This article, by Marc Joffe and Ian MakGill, originally appeared on the Guardian website on 01 August 2013. Marc Joffe will be speaking in the Open Finance and OpenSpending – Workshop on Wednesday 18 September, 14:45 – 16:00 @ Room 7, Floor 2.


Open governance groups around the world compare local authority finances

Council finances are being compared for greater transparency, but a lack of standardised data is holdings things back.

We built a website in the US that maps the finances and credit scores of 260 Californian cities. You can click on a town and find out about their revenues and expenditure, debt levels and even retirement plans for staff. California City Credit Scoring

The California fiscal transparency project is one example of how open governance initiatives are increasingly being used to compare local authorities, accessing their spending priorities and financial conditions. A similar site exists in Denmark and one will launch in Israel shortly using a new open source software platform.

However, projects like this that compare authorities finances face a number of challenges – many of which arise from a lack of standardised, machine-readable data. While corporate financial data analysis is aided by the XBRL standard, there is no analogous standard in the realm of government financial reporting.

Our work on California required us to locate and extract data from audited financial reports filed by each city. In virtually all cases, these reports were stored in pdf files, and completing this project required a lot of manual inputting. We got the best results by selecting portions of the pdf to convert within the software.

So, would something like this be possible in England? The raw material for such a project is available in abundance. Local councils in England are required to publish audited financial accounts, and typically do so in pdf form. Tax receipts, investments and borrowing data for all councils are published in Excel format by the Department for Communities and Local Government.

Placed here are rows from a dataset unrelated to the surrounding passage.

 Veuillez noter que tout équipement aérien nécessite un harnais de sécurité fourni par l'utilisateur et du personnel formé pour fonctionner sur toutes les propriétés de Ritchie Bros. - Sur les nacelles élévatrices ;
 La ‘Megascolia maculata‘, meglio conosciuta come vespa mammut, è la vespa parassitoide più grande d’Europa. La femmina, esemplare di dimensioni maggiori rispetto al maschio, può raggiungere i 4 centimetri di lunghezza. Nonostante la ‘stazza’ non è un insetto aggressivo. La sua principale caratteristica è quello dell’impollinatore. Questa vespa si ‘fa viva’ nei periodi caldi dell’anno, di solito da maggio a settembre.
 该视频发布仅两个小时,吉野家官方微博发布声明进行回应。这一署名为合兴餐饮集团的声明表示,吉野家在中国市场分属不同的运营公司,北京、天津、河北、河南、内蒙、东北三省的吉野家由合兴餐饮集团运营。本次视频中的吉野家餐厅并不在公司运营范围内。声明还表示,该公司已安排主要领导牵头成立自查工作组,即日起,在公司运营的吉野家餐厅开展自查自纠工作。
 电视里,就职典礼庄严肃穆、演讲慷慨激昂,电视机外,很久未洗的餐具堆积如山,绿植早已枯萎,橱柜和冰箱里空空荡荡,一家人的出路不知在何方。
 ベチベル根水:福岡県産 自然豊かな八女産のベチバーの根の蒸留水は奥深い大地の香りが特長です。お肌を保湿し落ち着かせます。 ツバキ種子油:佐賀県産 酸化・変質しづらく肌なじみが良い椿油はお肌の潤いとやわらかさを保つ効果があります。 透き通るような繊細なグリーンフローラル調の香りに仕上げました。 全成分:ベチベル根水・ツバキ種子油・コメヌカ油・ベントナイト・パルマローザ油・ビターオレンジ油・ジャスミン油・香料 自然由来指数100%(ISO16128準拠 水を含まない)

But it is not certain whether these statistics tie out to the audited financial reports. In California, we found widespread inconsistencies between audited financial reports and standardised data collected by the state controller’s office. The Chartered Institute for Public Finance and Accounts also collects and standardises council financial data, but they sell their compilations for several hundred pounds.

The UK is significantly ahead of the US in the area of reporting transactions. In the UK, councils are required to publish all transactions above £500; some voluntarily report smaller transactions.

The only problem is that there are varying interpretations of what data is being completed in each field and inconsistency in data formats and field headers. Although transaction reports are supposed to be issued monthly, some councils publish them less frequently.

While most councils provide their spending data in machine readable formats, others only provide pdfs. We sent a freedom of information request to East Riding council, asking them to publish their data in comma separated variable (CSV) format instead but the council refused on the basis that the data in the new format might be used fraudulently.

Some of the local government transaction data has been aggregated on the Open Knowledge Foundation’s global Open Spending project and at Openly Local.

City councils in the US and the UK both publish budgets which include estimates of future spending. In our California project, we initially excluded budgets because budget reporting formats are less consistent than those used in audits (since the latter are governed by accounting standards).

However, because budgets are forward looking, citizens find them more interesting. As a result, they have been the focus of the Denmark effort as well as many individual city-level transparency projects such as Open Oakland.

In California, the impetus for developing our transparency site was a desire to provide an alternative to credit ratings for assessing the likelihood of municipal bond defaults. In recent years, the state has had a number of high-profile bankruptcies, so investors may require greater transparency before purchasing bonds issued by California cities. We meet this need by running city financial statistics through an open source credit scoring model.

UK councils have not accessed the capital markets, but that could be about to change. Before becoming reliant on the credit rating agencies, local leaders may wish to build a transparency platform like the one in California.


Marc Joffe is the principal consultant at Public Sector Credit Solutions and Ian Makgill is the managing director of the Spend Network.